In February 2015, it was announced that Pressley had been traded to the Western New York Flash for the 2015 season. In April, she started and played a full ninety minutes during the team's season opener against the Seattle Reign FC which resulted in a 5–1 defeat. The following month, she was traded to the Houston Dash in exchange for midfielder Ashley Nick.

===Orlando Pride, 2016–2022 ===
On November 2, 2015, Pressley was selected by Orlando Pride in the 2015 NWSL Expansion Draft. On October 12, 2019, after undergoing surgery for breast cancer in August, Pressley appeared in the Pride's final game of the season. She signed a one-year contract extension with an option for an additional year in January 2021. At the end of the 2022 season, Pressley was extended a new contract offer but did not appear on the team's opening preseason roster.

====Loan to Canberra United, 2017–2018====
In October 2017, Pressley joined Australian club Canberra United for the 2017–18 W-League season.

===Breiðablik===
In March 2023, Pressley signed a one-year contract with Breiðablik of the Icelandic Besta deild kvenna.

==International career==
Pressley has represented the United States on various youth national youth teams including the under-17, under-18, under-20, and under-23 teams.

Pressley was a member of the under-20 team that captured gold at the CONCACAF Qualifier thus earning an automatic berth in the FIFA World Cup. She played every minute of every game in the tournament as a member of the team's defensive line and tallied an assist in a 5–0 victory over Switzerland.
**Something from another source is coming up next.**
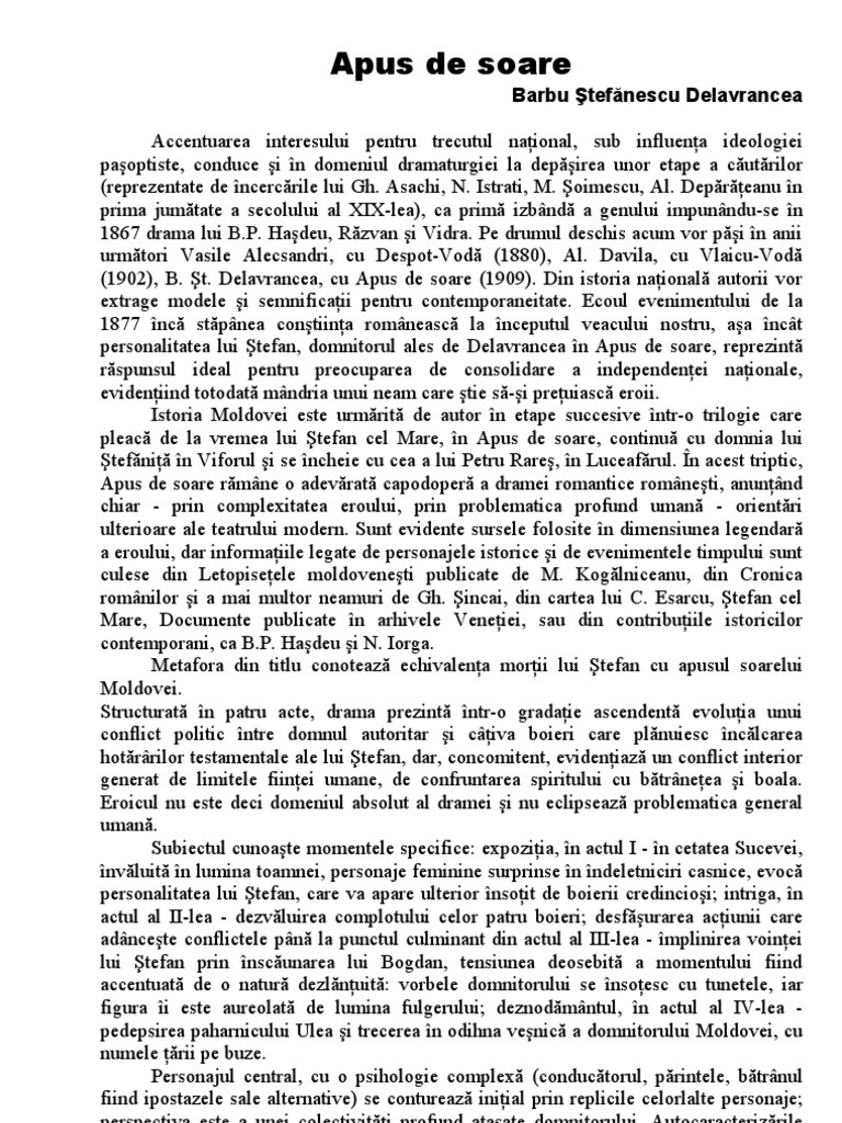 Apus De Soare Barbu Stefanescu Delavrancea Povestire Pe Acte

The United States reached the quarter-finals of the 2010 FIFA U-20 Women's World Cup in Germany. In June 2011, Pressley participated with the U-23 team at the Three Nations Tournament in Falun, Sweden, from June 12–22, 2011.

Pressley competed for the United States women's national under-23 soccer team and won the Four Nations tournament in La Manga Club, Spain.

==Personal life==

In August 2019, Pressley began treatment for breast cancer.

In January 2021, Pressley announced her engagement to Orlando Pride teammate Marta Vieira da Silva. The engagement was later called off.

Pressley is a vegan and self-described animal lover. She says veganism has helped her become a better athlete. She released a cookbook featuring plant-based recipes in 2023 titled, Girls Gone Veg, with her former Orlando Pride teammate Ali Riley.